▶ What to produce:
Leave out the pictures, and retype only the lines from the beginning of the material through the line that contains "The metal blades", including both.

▶ Dataset content:
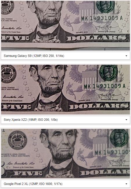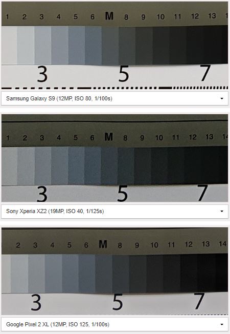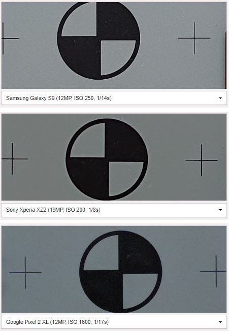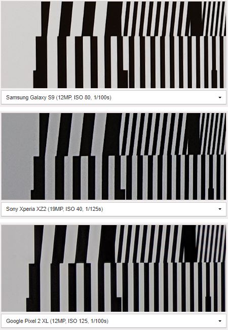 صفحه مقایسه دوربین وب سایت Gsmarena چندین بخش دارد، شما می توانید در شرایط نوری ضعیف و قوی 3 دستگاه را انتخاب کرده و عکس هایی که از صفحه مرجع گرفته شده را کنار یکدیگر قرار دهید. ما برای این 3 دستگاه گزینه های اکسپریا ایکس زد 2 با گلکسی اس 9 و پیکسل 2 ایکس ال را انتخاب کرده و برش های مختلف را با هم مقایسه نمودیم. می توانید در دو گالری زیر آن ها را ببینید:
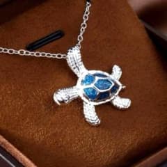 ホヌのネックレス♡シルバー♡ハワイアンジュエリー♡フラダンス☆ブルー青 亀 開運
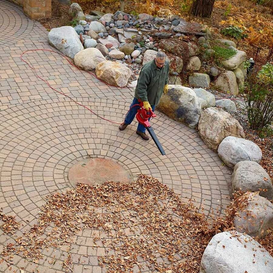 The metal blades on the impeller shred leaves and debris into fine mulch.
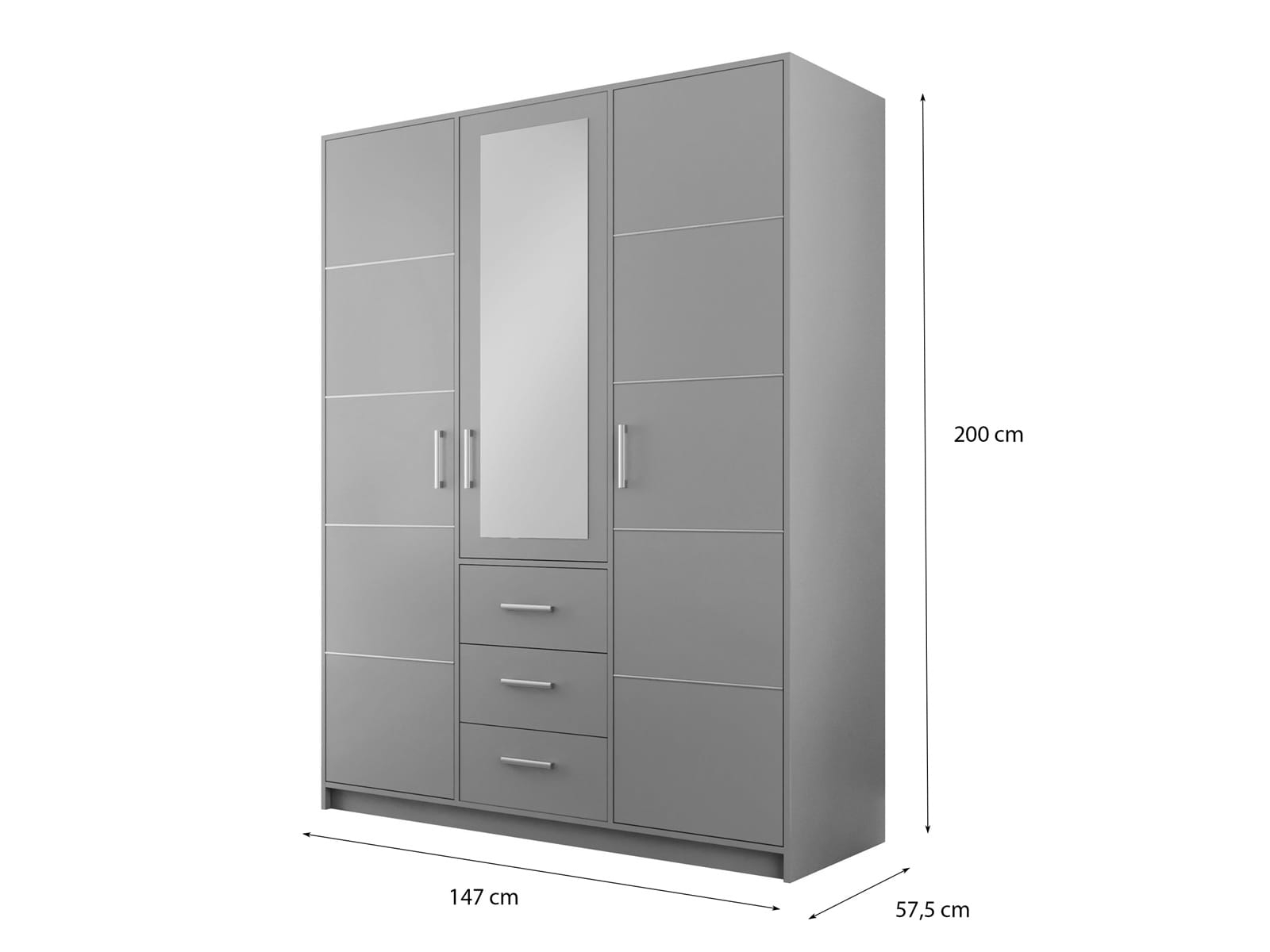 Szafa wyposażona została w 3 drzwi - w tym centralne z lustrem, które optycznie powiększa przestrzeń i dodaje wnętrzu elegancji. To praktyczny dodatek, dzięki któremu można szybko sprawdzić stylizację przed wyjściem. W dolnej części mebla znajdują się 3 pojemne szuflady, idealne na bieliznę, dodatki lub inne drobiazgi.

▶ Exercise response:
 صفحه مقایسه دوربین وب سایت Gsmarena چندین بخش دارد، شما می توانید در شرایط نوری ضعیف و قوی 3 دستگاه را انتخاب کرده و عکس هایی که از صفحه مرجع گرفته شده را کنار یکدیگر قرار دهید. ما برای این 3 دستگاه گزینه های اکسپریا ایکس زد 2 با گلکسی اس 9 و پیکسل 2 ایکس ال را انتخاب کرده و برش های مختلف را با هم مقایسه نمودیم. می توانید در دو گالری زیر آن ها را ببینید:
 ホヌのネックレス♡シルバー♡ハワイアンジュエリー♡フラダンス☆ブルー青 亀 開運
 The metal blades on the impeller shred leaves and debris into fine mulch.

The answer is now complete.